* What to do: Restate the listing below word for word, pictures excluded.

* Source material:
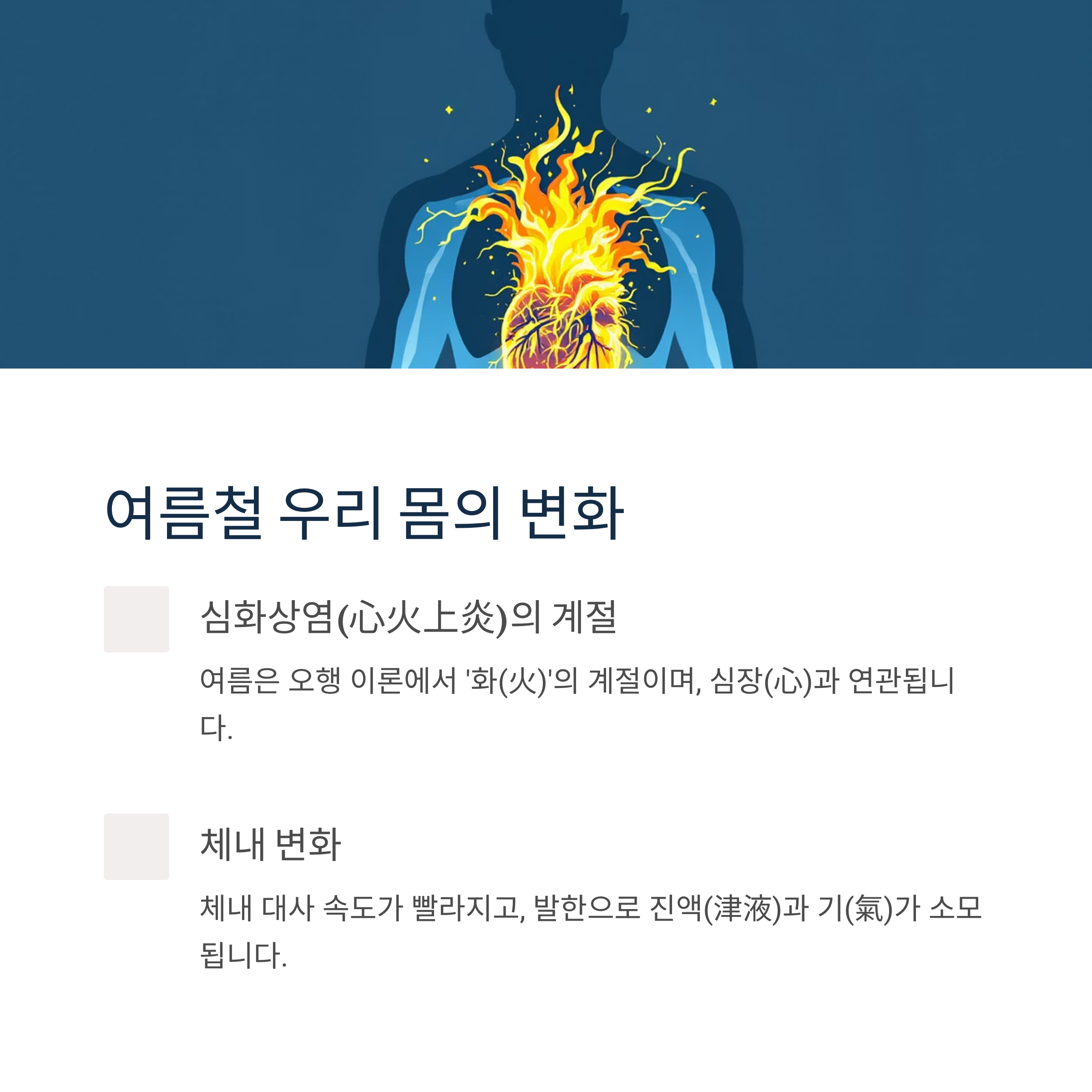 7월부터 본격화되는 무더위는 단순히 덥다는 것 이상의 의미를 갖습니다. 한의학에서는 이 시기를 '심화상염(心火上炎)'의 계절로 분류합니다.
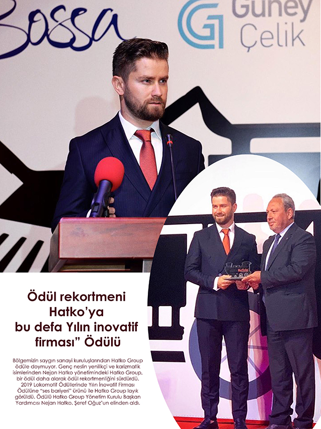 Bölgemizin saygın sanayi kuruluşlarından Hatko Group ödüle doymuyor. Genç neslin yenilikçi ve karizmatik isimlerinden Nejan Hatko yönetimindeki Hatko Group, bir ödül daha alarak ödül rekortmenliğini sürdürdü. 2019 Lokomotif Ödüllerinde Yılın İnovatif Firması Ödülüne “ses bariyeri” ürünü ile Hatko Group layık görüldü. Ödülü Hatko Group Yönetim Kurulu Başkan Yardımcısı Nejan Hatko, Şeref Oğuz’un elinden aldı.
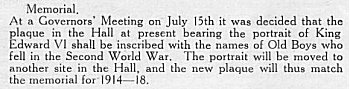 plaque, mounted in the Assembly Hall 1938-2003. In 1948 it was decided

* Result for this exercise:
 7월부터 본격화되는 무더위는 단순히 덥다는 것 이상의 의미를 갖습니다. 한의학에서는 이 시기를 '심화상염(心火上炎)'의 계절로 분류합니다.
 Bölgemizin saygın sanayi kuruluşlarından Hatko Group ödüle doymuyor. Genç neslin yenilikçi ve karizmatik isimlerinden Nejan Hatko yönetimindeki Hatko Group, bir ödül daha alarak ödül rekortmenliğini sürdürdü. 2019 Lokomotif Ödüllerinde Yılın İnovatif Firması Ödülüne “ses bariyeri” ürünü ile Hatko Group layık görüldü. Ödülü Hatko Group Yönetim Kurulu Başkan Yardımcısı Nejan Hatko, Şeref Oğuz’un elinden aldı.
 plaque, mounted in the Assembly Hall 1938-2003. In 1948 it was decided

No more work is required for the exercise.